> ACTION ITEM
No pictures belong in the copy, but every line of the material below must be reproduced exactly.

> DATA EXTRACT
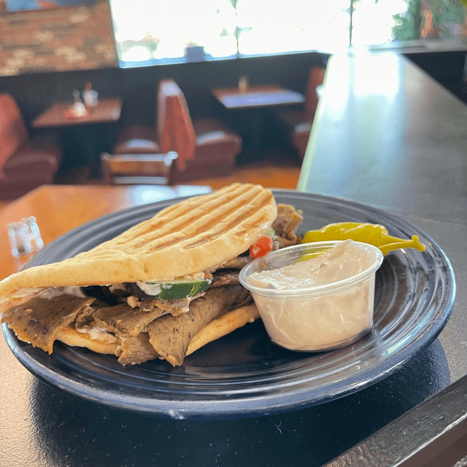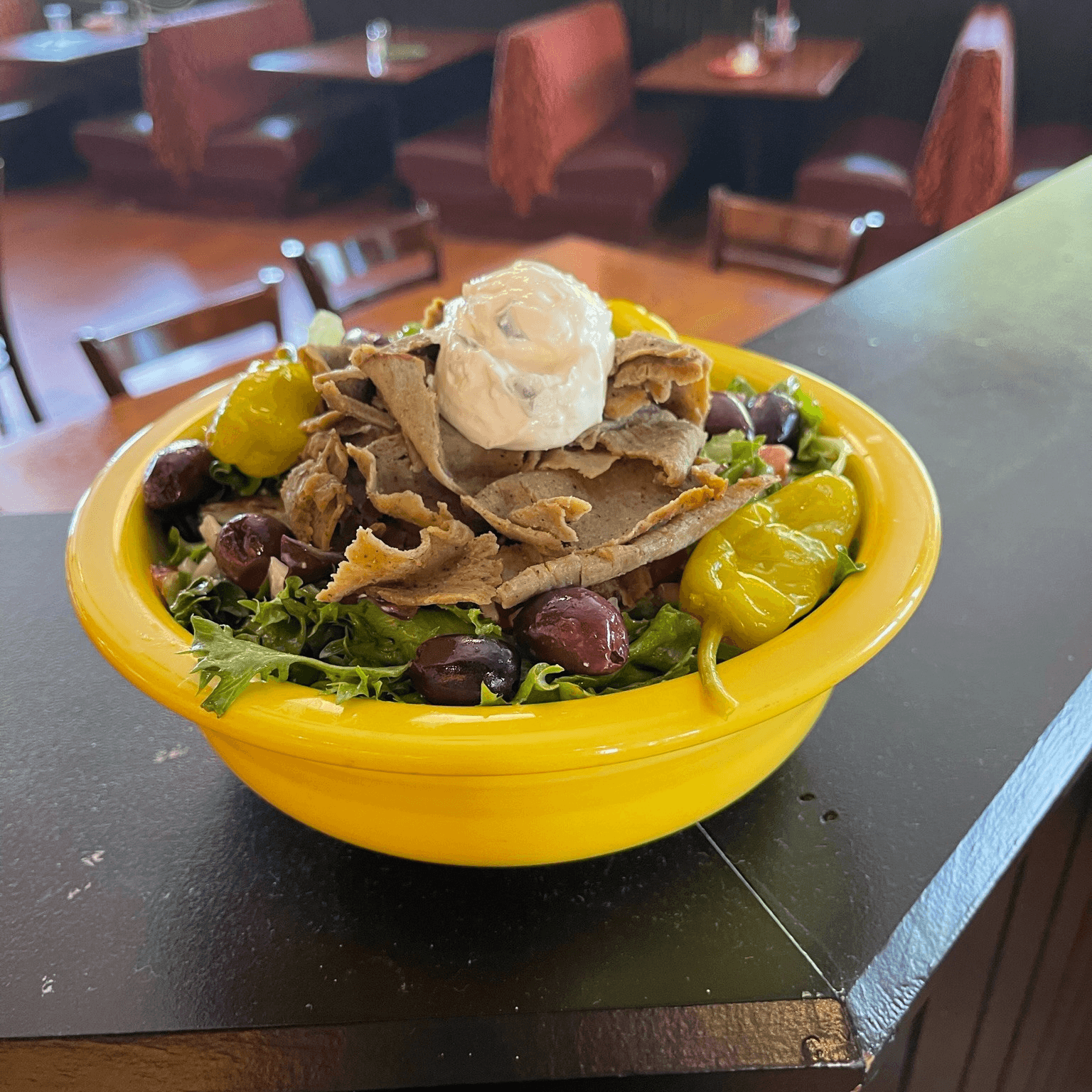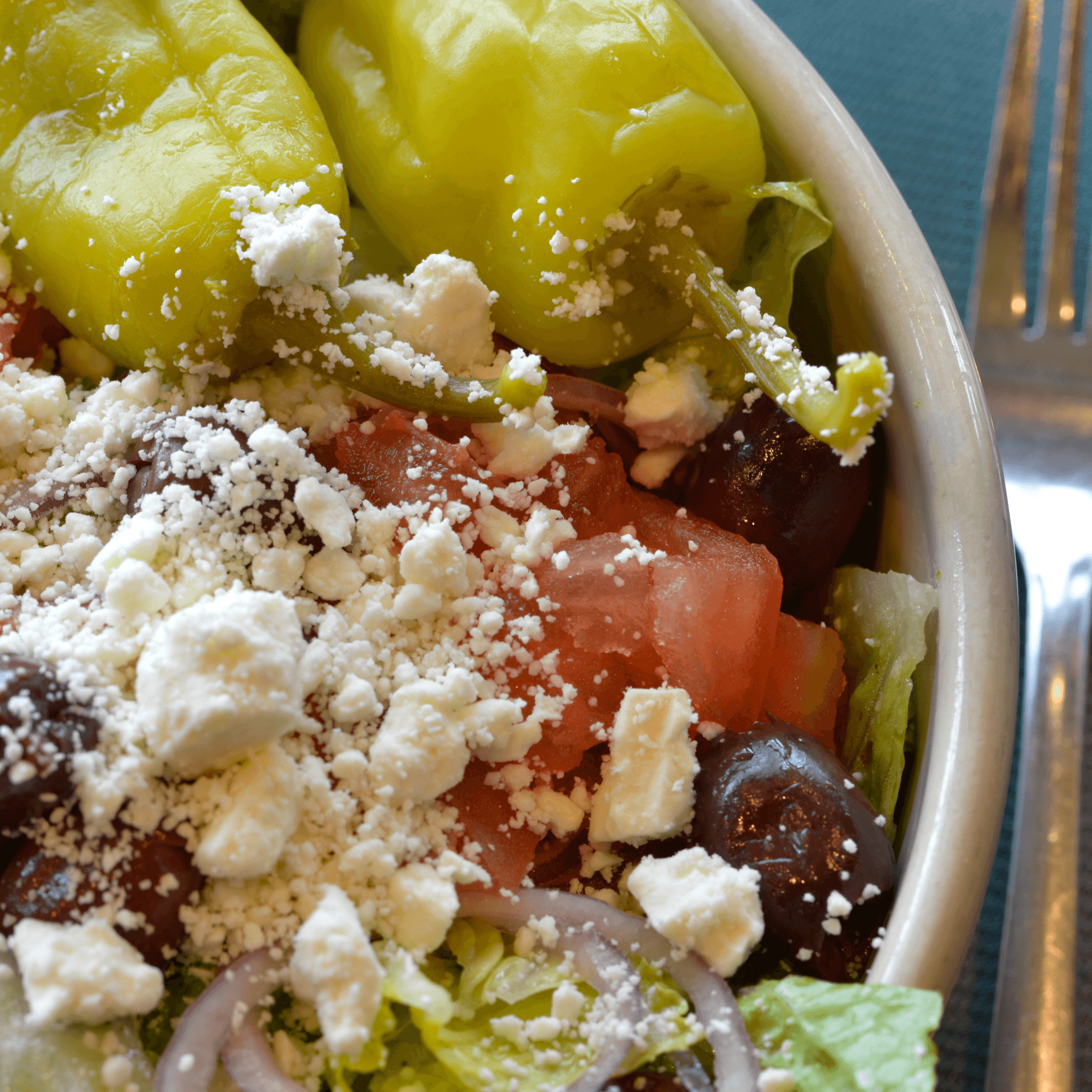 Romaine lettuce with sweet red onions, Kalamata olives, feta cheese, tomato wedges and pepperoncinis with Greek dressing.
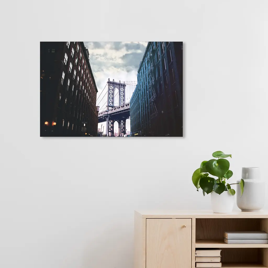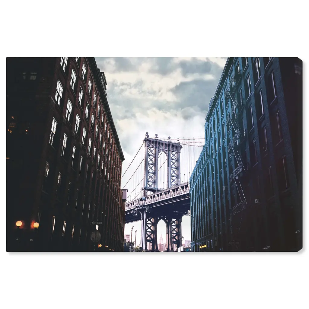 Dumbo Brooklyn, is a skillfully made Modern & Contemporary art piece by real artists. With an overarching Blue color, this fine art print by Wynwood Studio Canvas is the perfect finishing touch to your home décor theme. Features: This art piece has a horizontal orientation Architecture design with a Famous Bridges theme to bring you the perfect wall art Sustainable and forest friendly canvas print Professionally hand stretched in a 0.75 inch-thick sustainable wood frame Arrives ready to hang with pre-installed hooks for easy hanging. Nail and hanger also included Printed using ultra-premium and fade resistant inks to guarantee high definition and vivid colors Available in several size options Proudly made in the USA
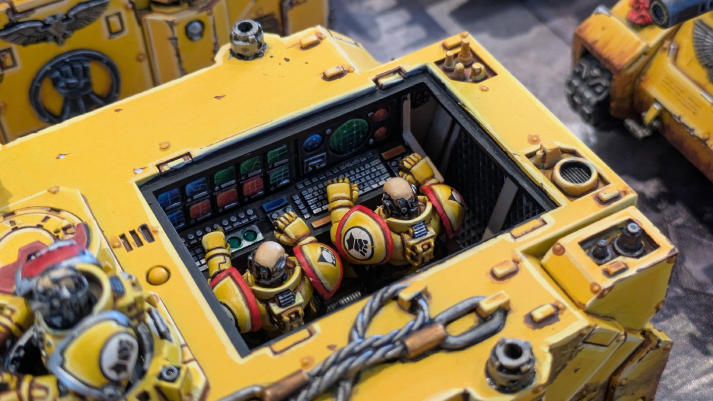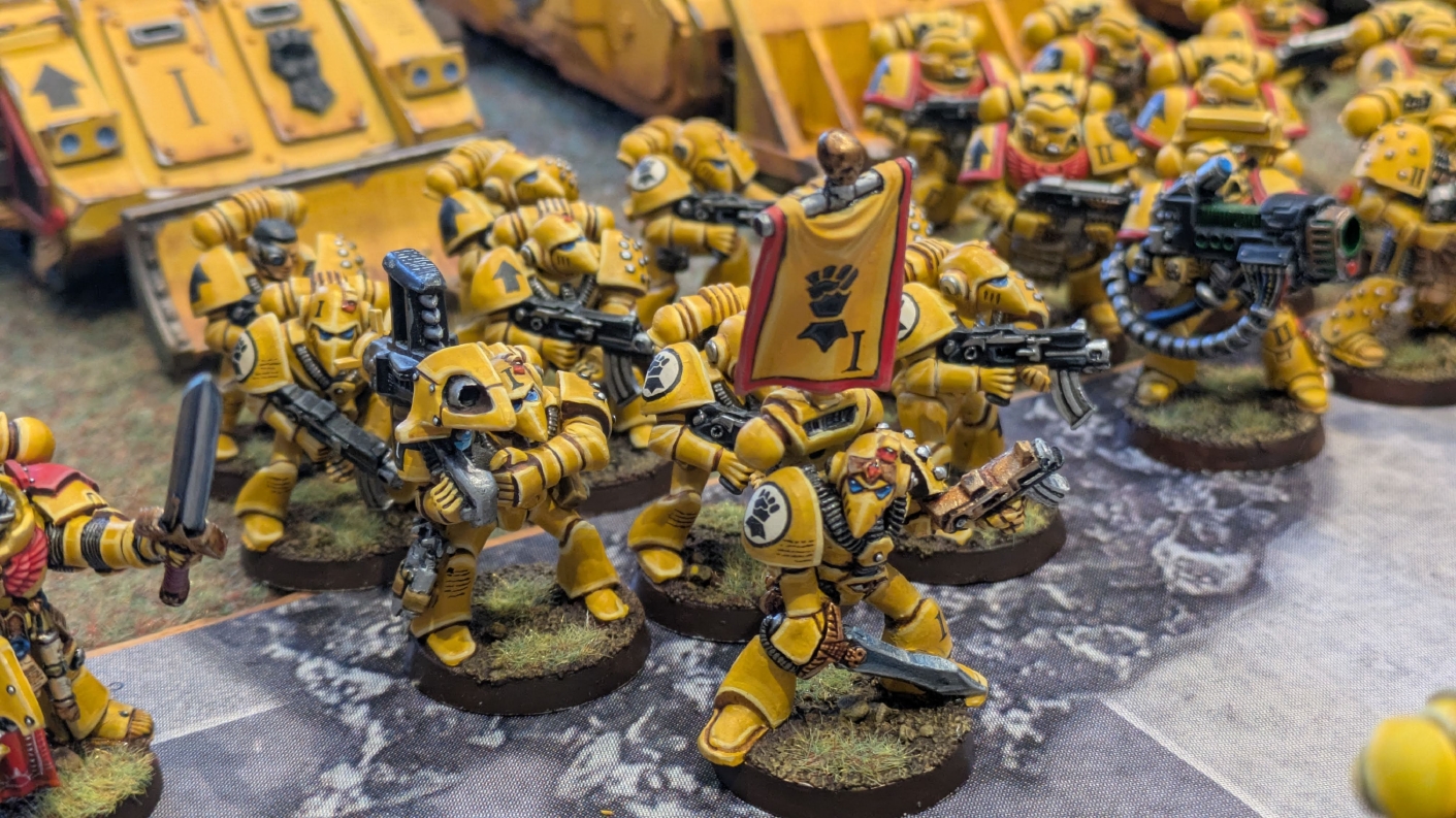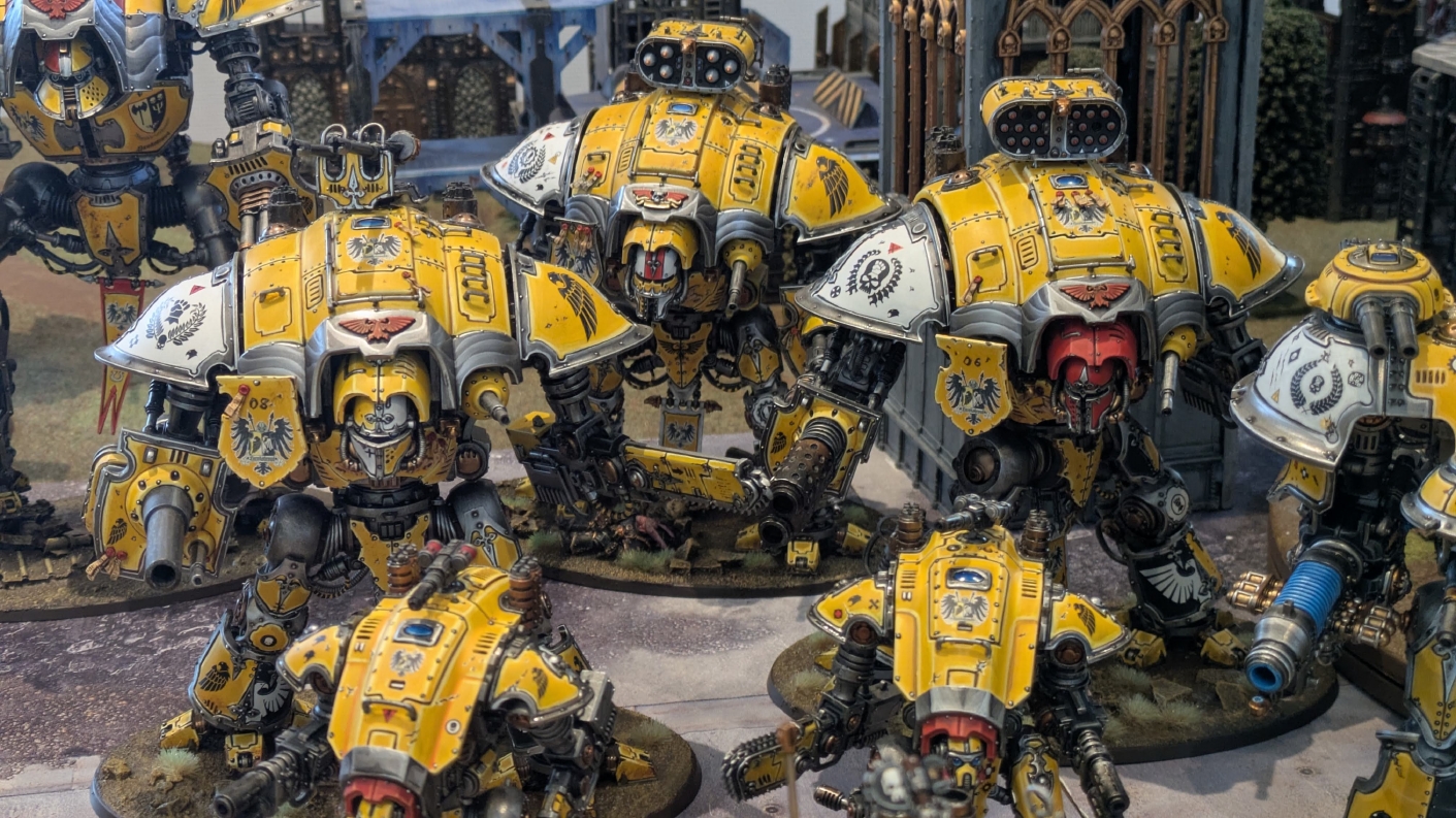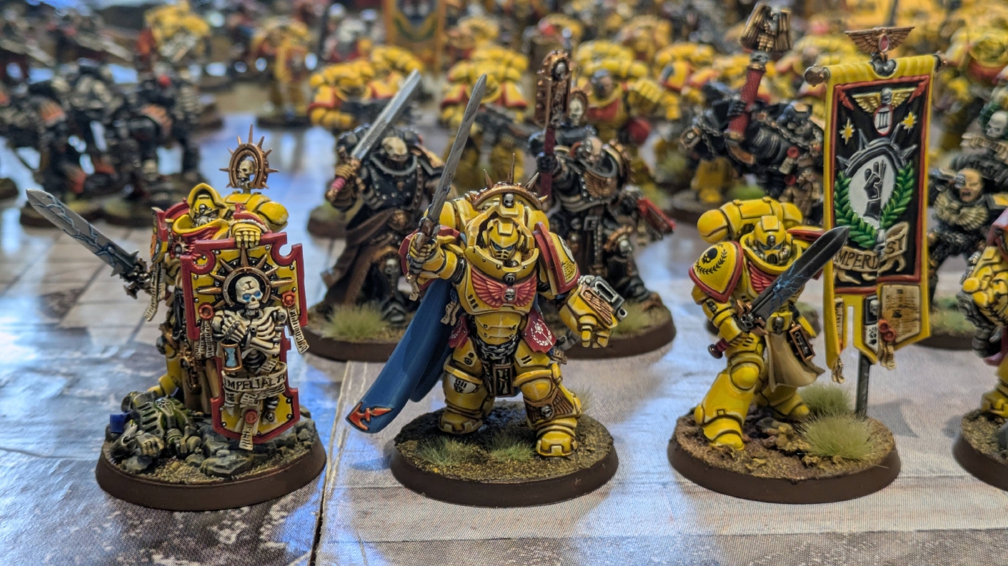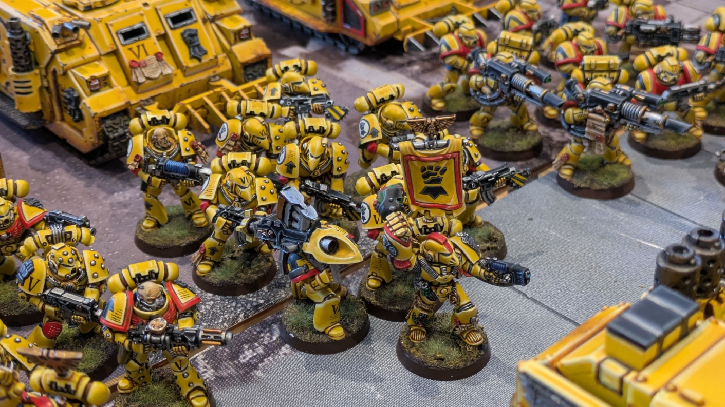 寄せられたコメントもほとんどが好意的なもので、関連するポストも合わせたら500件近く頂けて、更になんとこのポスト以降2日ほどでフォロワーが2000人近く増えてしまったのでした。 流石に色々すごい。 2011年からツイッターやってて、フォロワーがこんなに急激に増えたのは初めてだったので、これはもう自動翻訳機能搭載のおかげ間違いなしだし、 何かしらのポストの表示優先順位のアルゴリズムに変更があって、日本人のポストが多数海外に届くようになったのかもしれません。 同じようにプチバズ状態になっている日本趣味人も多数いらっしゃった印象です。 ![]() いや〜正直言って、ツイッター社がイーロン・マスクに買収され、Xになってから、いらん改変ばっかりするし、広告鬱陶しすぎて広告減らすために課金するハメになったし、 そもそもツイッターって言いたかったし、ツイートって言いたかったし、Xとかポストとか言わないように心がける程度には、イーロン・マスクってさぁ…とか思ってたんですが、 こうなってしまったら話は別です。 いや〜X凄いわ、ポストが世界に届く! 世界中の趣味人とこんなに繋がることが出来て、もうXは最高のSNSじゃん!ってなるくらいにはイーロン・マスクのファンになってしまいました。 いやほんと、GW本社もXでの広報やめちゃってますけど、戻ってきて欲しいですねぇ。 ![]() それにしても海外趣味人、ウォーハンマーへの熱量がすごい。 あらためて日本語に翻訳される趣味人同士の議論とか言い合いを見てると、いろんなタイプが居るのは日本と同様でも、その振り幅がでかい。 熱々になっている人もいれば、たぶんあまり関心がない人まで、いろんな背景を持った人ががんがんポストしてて、昔の掲示板(BBS)で見たことがある光景というか、そういう雰囲気を感じました。 日本とは比較にならないくらいに幅広い年代でこのホビーが受け入れられていることをヒシヒシと感じましたね。 あと、すごい気軽にリプライ入れてくれるのも楽しくなりますね。 ついついXの画面をスクロールするのに夢中になり過ぎてペイントの時間を奪われがちなので、そろそろ加減して付き合っていかないと、とは思います。 ![]() というわけで、僕のインペリアルフィストが凄まじい勢いで拡散されたのは大変名誉なことでしたので、 インペリアルフィストの写真とそのきっかけになったX自動翻訳機能搭載の思い出をこの記事に残しておきたいと思いました。 もともとは、はたさんのティラニッドとの激熱巨大バトルの後に、せっかくでかい戦場を置いてある内に現時点でのインペリアルフィストを並べてみるかな、という感じでした。 それとX自動翻訳機能搭載のタイミングがたまたま一致した感じでした。いや〜嬉しかったです。 まぁ、過去にも何度か並べてますし、ファーストボーンのマリーンが多く、10年前以上前に作ったモデルがほとんどの中で、 このネタ何回やるんや!?、って思ってる日本の趣味人の方もいらっしゃるとは思いますが(笑)、いやぁ、僕も今回は予想外の展開だったんですよ、ほんと。 でもって、味をしめたので、これからも1年に1回くらいは自宅アーミーズオンパレードをやりたいな、と思った次第です(笑)。 ![]() いや〜マジでかっこいい、黄色いタンクがズラリ並ぶと最高ですね。 11版でコデックスが更新されたら、もしかしてライノ系シャーシのタンクは全部グラブ系タンクにとって代わられるかも、とか、 ランドレイダーもそろそろモデルチェンジしそうだなぁとか、色々と懸念はあるものの、もうここまで作っちゃったら、ゲームは関係ないです。 コレクションとしてこれからも大切にしていきたいと思っています! かつてツイッターで趣味人の方が、 「形あるものいつかは崩れる、永年コレクションしてきたフィギュアも太陽光と熱、そして湿気による劣化は避けられない、加水分解とかね…」 というようなツイートをされていたのを見た時に、軽くショックを受けた覚えがあります。 そうだよなぁ、これは一生もののコレクションて思ってても、実際は一生ものじゃなくいつかは崩れ去るものなんだなぁ…って。 でもそのツイートを見てから軽く7〜8年は経ちますが今の所、塗装面の劣化も色の退色も見受けられないですし、 今もって自信満々のコレクションであり続けてくれるこのインペリアルフィストを、このたび改めて誇らしく思ったものでした。 まぁ、気にするだけ無駄というか、ここまで来たらとことん増強してやろう、とキチガイじみた決意を新たにしたところです。 ![]() ちなみにこのRoRにて人気の記事「ウォーロードタイタン制作記」も今回のプチバズの中で便乗して宣伝したところ、こちらも反響大きくて改めて嬉しくなりました。 ![]() まだ見てない人は見てくださいね!ウォーロードタイタンが作りたくなっても責任はとれませんよ!(笑) ![]() リーヴァータイタンの制作記もあります。こちらも未読の方はぜひご覧になってくだ

> ANSWER TO THIS EXERCISE
 Romaine lettuce with sweet red onions, Kalamata olives, feta cheese, tomato wedges and pepperoncinis with Greek dressing.
 Dumbo Brooklyn, is a skillfully made Modern & Contemporary art piece by real artists. With an overarching Blue color, this fine art print by Wynwood Studio Canvas is the perfect finishing touch to your home décor theme. Features: This art piece has a horizontal orientation Architecture design with a Famous Bridges theme to bring you the perfect wall art Sustainable and forest friendly canvas print Professionally hand stretched in a 0.75 inch-thick sustainable wood frame Arrives ready to hang with pre-installed hooks for easy hanging. Nail and hanger also included Printed using ultra-premium and fade resistant inks to guarantee high definition and vivid colors Available in several size options Proudly made in the USA
 寄せられたコメントもほとんどが好意的なもので、関連するポストも合わせたら500件近く頂けて、更になんとこのポスト以降2日ほどでフォロワーが2000人近く増えてしまったのでした。 流石に色々すごい。 2011年からツイッターやってて、フォロワーがこんなに急激に増えたのは初めてだったので、これはもう自動翻訳機能搭載のおかげ間違いなしだし、 何かしらのポストの表示優先順位のアルゴリズムに変更があって、日本人のポストが多数海外に届くようになったのかもしれません。 同じようにプチバズ状態になっている日本趣味人も多数いらっしゃった印象です。 ![]() いや〜正直言って、ツイッター社がイーロン・マスクに買収され、Xになってから、いらん改変ばっかりするし、広告鬱陶しすぎて広告減らすために課金するハメになったし、 そもそもツイッターって言いたかったし、ツイートって言いたかったし、Xとかポストとか言わないように心がける程度には、イーロン・マスクってさぁ…とか思ってたんですが、 こうなってしまったら話は別です。 いや〜X凄いわ、ポストが世界に届く! 世界中の趣味人とこんなに繋がることが出来て、もうXは最高のSNSじゃん!ってなるくらいにはイーロン・マスクのファンになってしまいました。 いやほんと、GW本社もXでの広報やめちゃってますけど、戻ってきて欲しいですねぇ。 ![]() それにしても海外趣味人、ウォーハンマーへの熱量がすごい。 あらためて日本語に翻訳される趣味人同士の議論とか言い合いを見てると、いろんなタイプが居るのは日本と同様でも、その振り幅がでかい。 熱々になっている人もいれば、たぶんあまり関心がない人まで、いろんな背景を持った人ががんがんポストしてて、昔の掲示板(BBS)で見たことがある光景というか、そういう雰囲気を感じました。 日本とは比較にならないくらいに幅広い年代でこのホビーが受け入れられていることをヒシヒシと感じましたね。 あと、すごい気軽にリプライ入れてくれるのも楽しくなりますね。 ついついXの画面をスクロールするのに夢中になり過ぎてペイントの時間を奪われがちなので、そろそろ加減して付き合っていかないと、とは思います。 ![]() というわけで、僕のインペリアルフィストが凄まじい勢いで拡散されたのは大変名誉なことでしたので、 インペリアルフィストの写真とそのきっかけになったX自動翻訳機能搭載の思い出をこの記事に残しておきたいと思いました。 もともとは、はたさんのティラニッドとの激熱巨大バトルの後に、せっかくでかい戦場を置いてある内に現時点でのインペリアルフィストを並べてみるかな、という感じでした。 それとX自動翻訳機能搭載のタイミングがたまたま一致した感じでした。いや〜嬉しかったです。 まぁ、過去にも何度か並べてますし、ファーストボーンのマリーンが多く、10年前以上前に作ったモデルがほとんどの中で、 このネタ何回やるんや!?、って思ってる日本の趣味人の方もいらっしゃるとは思いますが(笑)、いやぁ、僕も今回は予想外の展開だったんですよ、ほんと。 でもって、味をしめたので、これからも1年に1回くらいは自宅アーミーズオンパレードをやりたいな、と思った次第です(笑)。 ![]() いや〜マジでかっこいい、黄色いタンクがズラリ並ぶと最高ですね。 11版でコデックスが更新されたら、もしかしてライノ系シャーシのタンクは全部グラブ系タンクにとって代わられるかも、とか、 ランドレイダーもそろそろモデルチェンジしそうだなぁとか、色々と懸念はあるものの、もうここまで作っちゃったら、ゲームは関係ないです。 コレクションとしてこれからも大切にしていきたいと思っています! かつてツイッターで趣味人の方が、 「形あるものいつかは崩れる、永年コレクションしてきたフィギュアも太陽光と熱、そして湿気による劣化は避けられない、加水分解とかね…」 というようなツイートをされていたのを見た時に、軽くショックを受けた覚えがあります。 そうだよなぁ、これは一生もののコレクションて思ってても、実際は一生ものじゃなくいつかは崩れ去るものなんだなぁ…って。 でもそのツイートを見てから軽く7〜8年は経ちますが今の所、塗装面の劣化も色の退色も見受けられないですし、 今もって自信満々のコレクションであり続けてくれるこのインペリアルフィストを、このたび改めて誇らしく思ったものでした。 まぁ、気にするだけ無駄というか、ここまで来たらとことん増強してやろう、とキチガイじみた決意を新たにしたところです。 ![]() ちなみにこのRoRにて人気の記事「ウォーロードタイタン制作記」も今回のプチバズの中で便乗して宣伝したところ、こちらも反響大きくて改めて嬉しくなりました。 ![]() まだ見てない人は見てくださいね!ウォーロードタイタンが作りたくなっても責任はとれませんよ!(笑) ![]() リーヴァータイタンの制作記もあります。こちらも未読の方はぜひご覧になってくだ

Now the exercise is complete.